Часто в искусстве ожидания оборачиваются разочарованиями. Ждёшь, затаив
дыхание, встречи с великим мастером, а он, оказывается, великим был в
годы юности твоих родителей, а сейчас от величия осталась дряблая
оболочка и имя, дожидающееся написания на могильной плите. Бывает, что
приходишь на встречу не с самим великим, но с тем, кто играл с великими,
учился у великих... Опять разочарование, часто приводящее в ярость — в
первом случае хоть на ещё живую легенду посмотрел, а здесь мыльный
пузырь, ведь достаточно человеку на мастер-классе у кого-то посидеть, он
уже ученик, а на пять минут на джеме на одну эстраду выйти — уже играли
вместе. Я уже не говорю, о фразе в биографии «...выступал в Нью-Йорке,
Париже...»: можно играть в Линкольн-центре — и в синагоге на
Брайтон-бич, можно петь в «Олимпии» — и в ночном клубе у вокзала
Сен-Лазар...
А иногда наоборот — приходишь просто музыку послушать, и натыкаешься на
барабанщика и трубача, у которых и биографии толком нет, а играют,
врезаясь в память навечно. Потом кто-нибудь из них становится
знаменитым, и ты гордо вспоминаешь, с чего и где тот начинал, а кто-то
сыграл и сгинул, и ни имени, ни фамилии, только стоит звук его
пронзительной дудки в ушах и сердце замирает от свинга, который был в
тот вечер.
За 21-летнюю историю «Джаза на Красном море» были и восторги, и
разочарования, причём независимо от биографии музыканта. Программа XXII
фестиваля была настолько переполнена громкими именами, что возникло
опасение, даже страх перед предстоящим огорчением от «не самого лучшего»
концерта кого-нибудь из мэтров.
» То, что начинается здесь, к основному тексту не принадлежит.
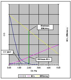 图中显示了在一个典型燃烧应用中,过氧与NOx和CO的关系。也显示了效率与过氧之间的关系。由于过氧减少,NOx减少,而CO和效率提高。为了尽量减少NOx的产生和最大限度地提高效率,应尽量减少过氧。然而,设备的安全和环境法规的限制了可以产生的CO量。结果,过氧只能降低到CO所约束的量。从这个角度看,燃烧已经优化,运行在最大允许的CO生产量对应于最低的NOx生产量和最大的效率。

Забегу вперед — огорчения были, но они
были редкими и растворялись в почти бескрайнем океане настоящих джазовых
шедевров уже в процессе фестиваля. А по прошествии двух недель со дня
окончания 22-го «Джаза на Красном море» (я специально, для
объективности, подождал с написанием рецензии) провалы почти исчезли,
зато успешные выступления ещё ярче проступили в памяти.
Среди одиннадцати израильских ансамблей некоторые пошли по традиционному
пути — стандартные составы, играющие достаточно стандартную музыку на
высоком техническом уровне (не умеющих играть в Эйлате на сцену не
выпускают) в своё удовольствие и, возможно, к радости тех, кто в это
время был в зале (ни на одном концерте зал не был пуст, лишь иногда
задние ряды не были заполнены). В памяти эти ансамбли не остались, хотя
некоторые были составлены из любимых публикой музыкантов. На концерте
ветеранов израильского джаза во главе с Дани Готфридом их поклонники
заскучали уже в начале, но до конца концерта драйва так и не возникло.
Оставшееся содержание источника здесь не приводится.